Exercise brief → Take the line containing "4-Piece Brown Wicker" and every line after it to the end of the material below; reproduce them exactly, without pictures.

Source information →
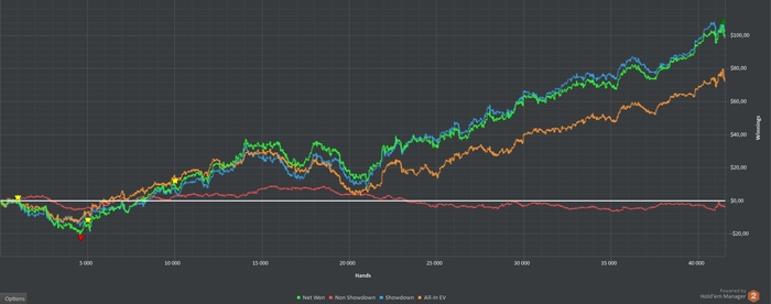 Настало время чего то глобального. Буду разбирать возникающие у меня вопросы. Из плюсов я это сделаю)))может кому то будут полезны тоже Анализируя свою игру столкнулся с проблемой cbetов. Я их ставил либо очень мало, либо очень много. Сейчас же кое какое понимание появилось. Что я могу сказать cbetы лучше ставить больше чем не ставить вообще. Примерно после 10к рук я понял, что много получаю автоприбыли. За счет этого собирается большая гора бабла на дистанции. Ну конечно я увидел в действии как работает Fold EV. Главное что я понял cbet начинается с префлопа, объясню о чем это я. Ключевой фактор это сайзинг. Если изначально много ставишь на префлопе 3bb и больше, то cbet автоматом ставится больше т.к. банк разгоняется ну это логично. Какой вывод, надо разобраться с подбором сайзинга. Вариант самый простой на вэлью лупим 3bb, а с пограничными руками 2bb работает только на фишах)))Реги это быстро замечают и подстраивают свои 3betы куда надо)))Как я делал ну и делаю. В регов стилю всегда по минимуму 2bb редко 2.5bb, зачем я это делаю?? Ну во-первых я маскирую монстров т.е. если меня кто нить вскроет и увидит хорошую руку к моим стилам сразу поднимается доверие. Во-вторых я дешево блефую т.к. мой спетор стал намного больше и плюс позиция разыгрвать что то регам на порядок труднее. В третьих меня реже требетят это очень радует с плохими руками))) Из минусов что могу сказать: будут шире защищаться на bb чаще всего коллом конечно, но тут проблема не велика позиция делает свое дело и выигрывается по прежнему много. Чаще будет заходить sb ну если он лузовый, то докинуть 1.5bb ему по корману, тем самым часто в 2х ооп не будешь ставить cb но есть если на флопе мостр то больше вариков, что кто то зацепился и собираешь с него по царски))) Вообщем ставим cbetы поднимаем винрейт с колен
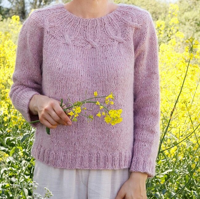 А вот здесь коса по рукаву смотрится уместно, так как перед и спинка связаны просто лицевой гладью:
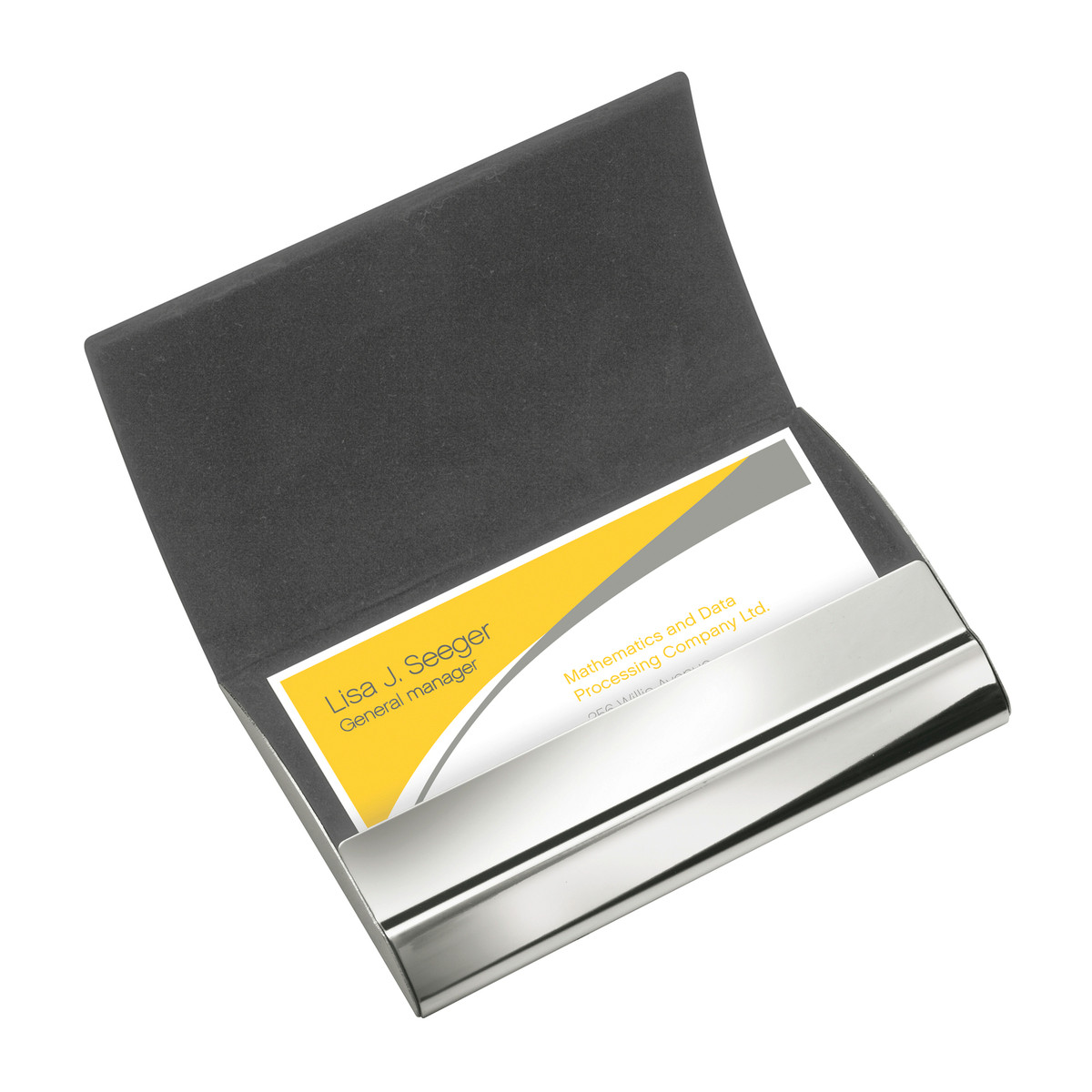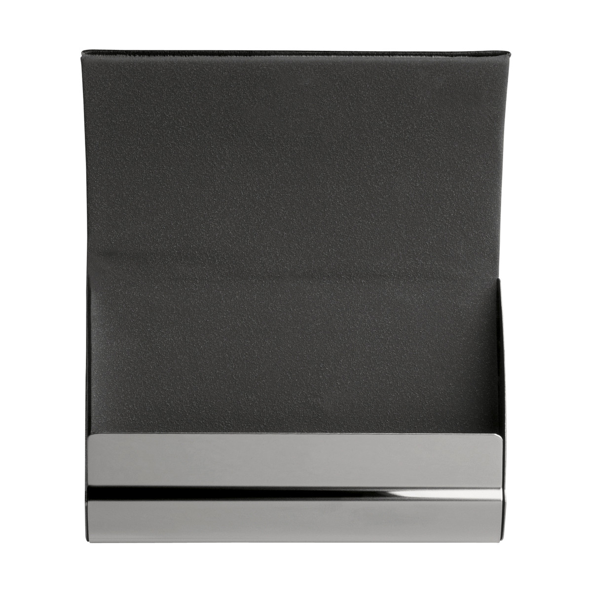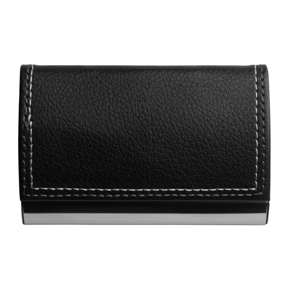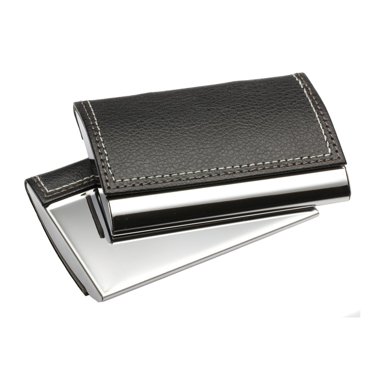 On its top this business card case is covered with black imitation leather. Fine decorative stitching completes the textile look. The chrome-coloured metal case can be opened with a high-class magnetic closure. The box holds approx. 15 business cards (depending on paper thickness). Can be customised with a laser engraving.Do you have any questions concerning this Credit and business card box RE98-ELVERSUM?
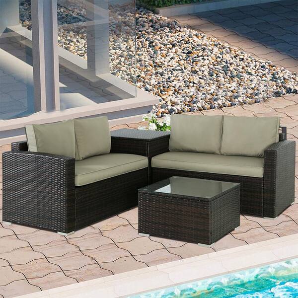 4-Piece Brown Wicker Outdoor Patio Sectional Sofa Set with Khaki Cushions, Storage Box for Garden Balcony Backyard
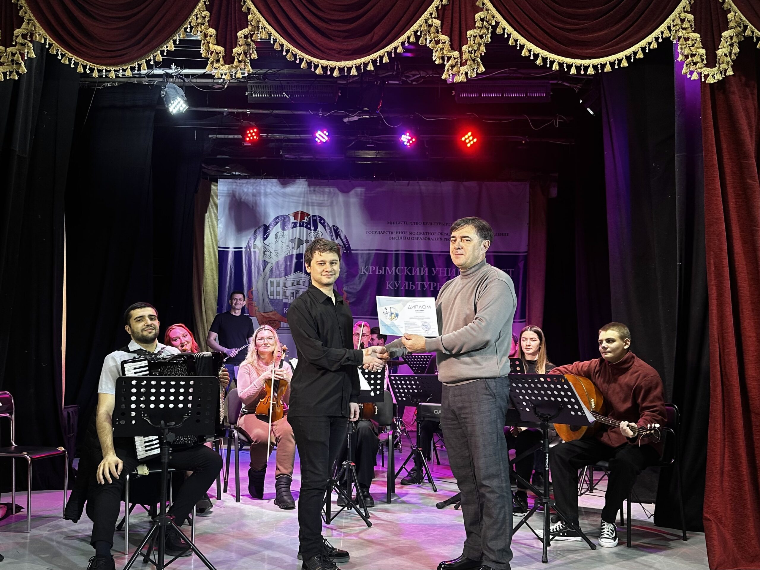 Торжественное награждение провели председатель жюри, заведующий кафедрой музыкально-инструментального искусства КУКИиТ Руслан Нюсретович Карасанов и член жюри Наталия Валериевна Тимошенко, директор Симферопольского музыкального училища им. П.И. Чайковского.

Exercise result →
 4-Piece Brown Wicker Outdoor Patio Sectional Sofa Set with Khaki Cushions, Storage Box for Garden Balcony Backyard
 Торжественное награждение провели председатель жюри, заведующий кафедрой музыкально-инструментального искусства КУКИиТ Руслан Нюсретович Карасанов и член жюри Наталия Валериевна Тимошенко, директор Симферопольского музыкального училища им. П.И. Чайковского.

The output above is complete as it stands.